ECLI:NL:CRVB:2015:1874
Centrale Raad van Beroep
- Hoger beroep
- M.M. van der Kade
- H.J. Simon
- E.E.V. Lenos
- Rechtspraak.nl
Beëindiging nabestaandenuitkering wegens minder dan 45% arbeidsongeschiktheid
In deze zaak gaat het om de beëindiging van de nabestaandenuitkering van appellante, die minder dan 45% arbeidsongeschikt wordt geacht. Appellante, geboren in 1956, ontving een nabestaandenuitkering na het overlijden van haar echtgenoot in 2009. De Sociale Verzekeringsbank (Svb) heeft haar uitkering beëindigd op basis van een advies van het Uitvoeringsinstituut werknemersverzekeringen (Uwv), dat na onderzoek concludeerde dat appellante minder dan 45% arbeidsongeschikt was. Appellante heeft bezwaar gemaakt tegen deze beslissing, maar de Svb handhaafde haar standpunt. De rechtbank verklaarde het beroep van appellante ongegrond, waarna zij in hoger beroep ging.
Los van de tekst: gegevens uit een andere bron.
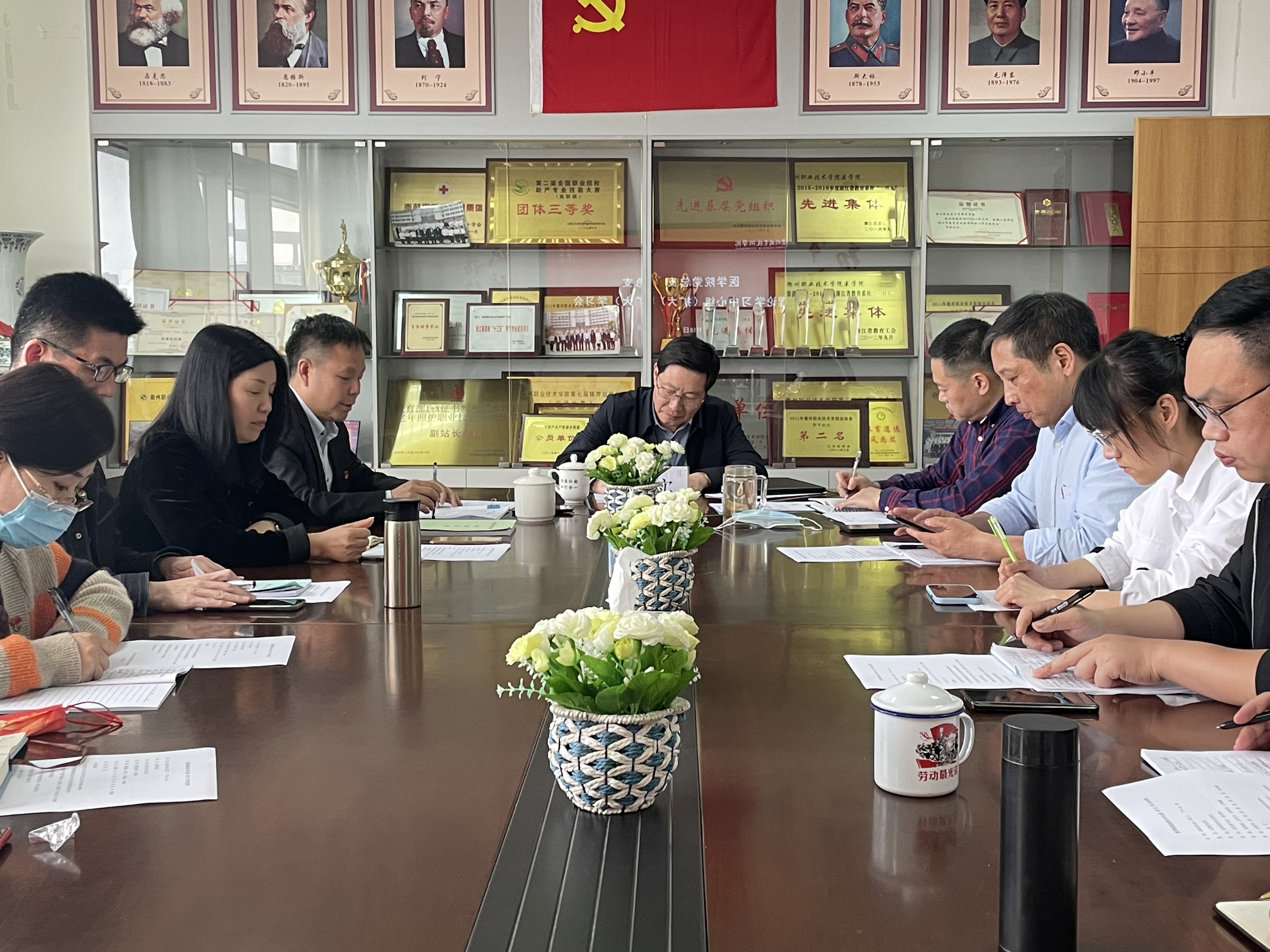 会议学习了习近平总书记在中国人民大学考察讲话精神、新修订的《中华人民共和国职业教育法》、市委、市政府《关于在全市开展“六治六提”作风建设》的文件精神。强调今年是学校党建提升年、管理质量年、双高攻坚年,请各党支部、教研室认真“对标,抓细、抓实”,将文件精神传达学习到位。

De Centrale Raad van Beroep heeft de zaak beoordeeld en vastgesteld dat de medische onderbouwing van de Svb voldoende was. De Raad oordeelde dat de belastbaarheid van appellante niet was overschat in de Functionele Mogelijkhedenlijst (FML) en dat zij in staat werd geacht om in geschikte functies een inkomen te verdienen dat haar onder de 45% arbeidsongeschiktheid hield. De Raad bevestigde de uitspraak van de rechtbank en oordeelde dat er geen grond was voor een proceskostenveroordeling. De uitspraak werd gedaan op 29 mei 2015.